Alexandre Gomes Gaigalas – January 8, 2026
For a while now, I've been searching for the simplest, useful LLM pipeline example. Some kind of hello world that beginners can quickly understand and iterate upon.
I also want something for software engineers, not data scientists. Software engineers are a different breed, and although they need to eventually learn the machine learning fundamentals involved if they want to move forward in this area, they often prefer to start with practical, hands-on examples.
Therefore, a true 'hello world' LLM pipeline should be simple, practical, and accessible. I can't honestly ask engineers to rent a machine or spend cloud credits running a simple hello world. There must be a better way.
There are many existing claims of "small" pipelines out there, but they don't qualify as true 'hello world' stuff.
For example, Karpathy's nanochat claims to be very small, but that is quite relative. For someone already immersed in the industry, it is indeed very small. However, for a complete beginner, it is a huge undertaking requiring specialized hardware, money, and considerable time and effort.
To run nanochat, you need a very powerful commercial GPU. You cannot buy those (in 2025) unless you're a company. All you can do is rent them.
Karpathy himself claims you can run nanochat for $100. Would you pay $100 for a hello world?
One of the challenges of making a super 'hello world'-size LLM pipeline is that it's very difficult to generate good stuff with limited resources.
This becomes very clear when you follow some tutorial, like the popular tiny Shakespeare example.
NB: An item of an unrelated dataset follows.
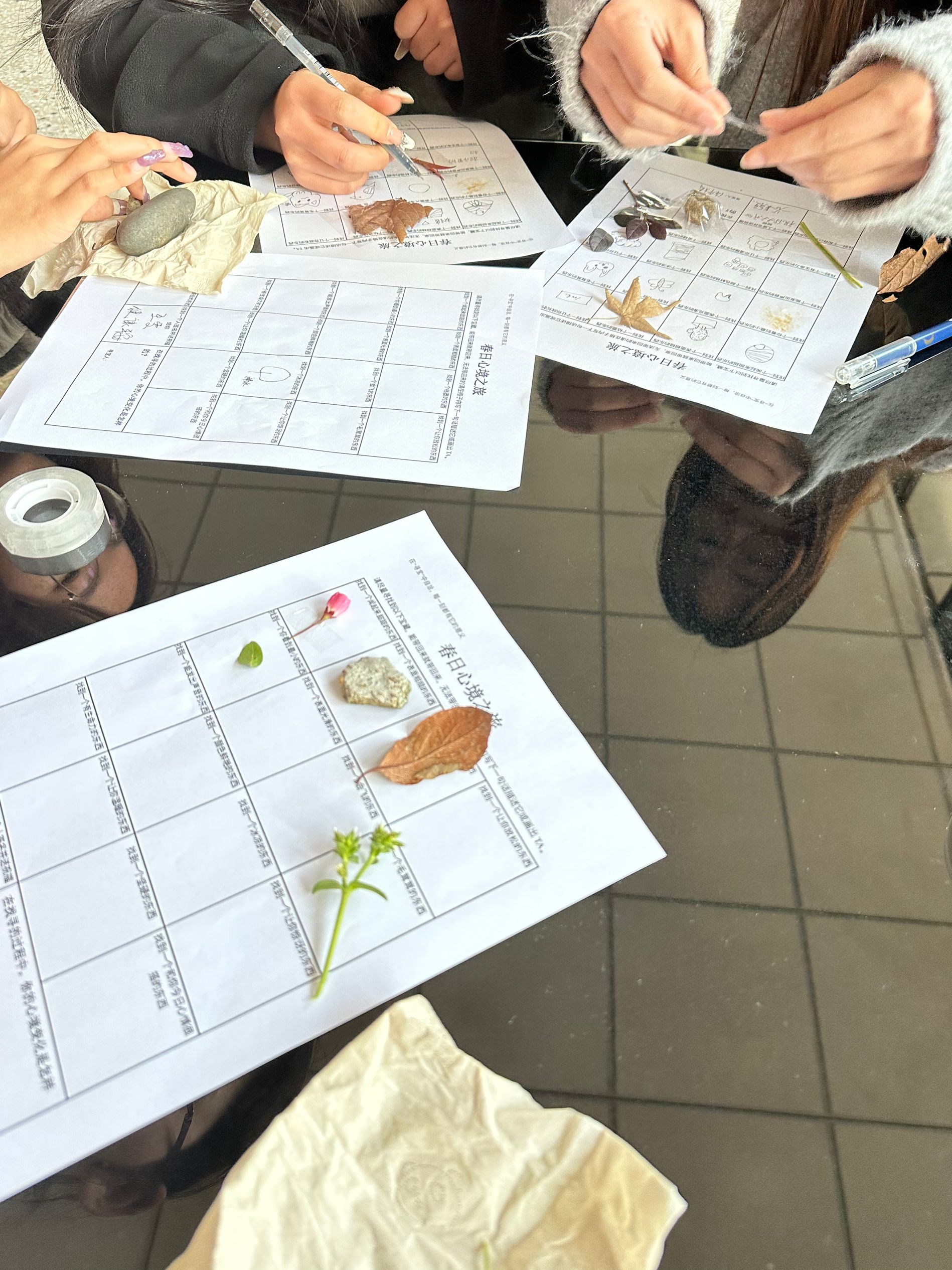 2024年3月20日,此次活动在厚生楼心理工作站开展。活动开展初期,每位参与者将从心理工作站的工作人员手中领取一份“情绪感知表”和签字笔,根据表格中描述的要素及特点,找寻校园中符合描述的物体。完成“感知表”的同学可以寻找一位陌生人给予祝福,最后将祝福写在风铃上,共享给其他同学。通过找寻过程,清晰各种描述所呈现出的多样性特征,从而引导学生采取多角度看待同一事务的能力。如“找到一个温暖的物体”“找到一个有生命力的东西”等描述给学生带来积极向上、乐观正向的心理引导。

The very first training checkpoints take a long time, and produce completely garbled output. They do get better, and that's the nature of this kind of work, but it's definitely not a good first impression for beginners.
To achieve a faster run-modify-understand iterable loop for educational purposes, we need to think outside the box.
While large LLMs generate complete text, full of sentences, we don't actually need that to understand how they work. Instead, we can focus on much smaller units of text generation, such as a single word.
Generating a single word is enough to exercise some important ideas:
With that in mind, I made wordgen.
The wordgen repository contains the code and examples for this single-word, full pipeline approach.
You can run it in minutes on CPU, or even seconds if you have a decent gaming GPU.
It's as simple as this:
python train.py
Run it and you'll see the training steps, getting some words in the end:
...
Generating samples...
Generated word 1: coales
Generated word 2: tereed
Generated word 3: healable
Generated word 4: thines
Generated word 5: unitlerable
Generated word 6: loteroformated
Generated word 7: rearmaz
Generated word 8: Debrowing
Generated word 9: unpatates
Generated word 10: unatined
Most importantly, this first run doesn't generate a completely garbled Shakespeare. It instead generates plausible English-like words.
First, you should run it as it is. It will do the whole thing from downloading the data to generating words in a matter of minutes, and you'll see the results immediately.
The next thing is probably to play with the hyperparameters. I could have left examples for you to try, but I believe experimentation is the best way to learn. With a pipeline that runs this fast, encouraging you to dig is better than providing canned examples.
After that, you can try tokenizing with BPE. This was one of the first things I did, and I almost included it as part of the repository, but I want engineers to experience the realization of how tokenization impacts model performance and output quality for themselves.
In fact, you can grow that initial approach however you like. You can introduce safetensors, tweak sample generation, or make the model larger. With a few tweaks, you can make it generate sentences instead of words.
You can't really say much of a hello world. It exists now. It's there, and it's simple and fast. If you are a backend or frontend engineer wanting to dip your toes into LLMs, this is a great place to start. You can quickly grasp important concepts, then move on to more robust projects.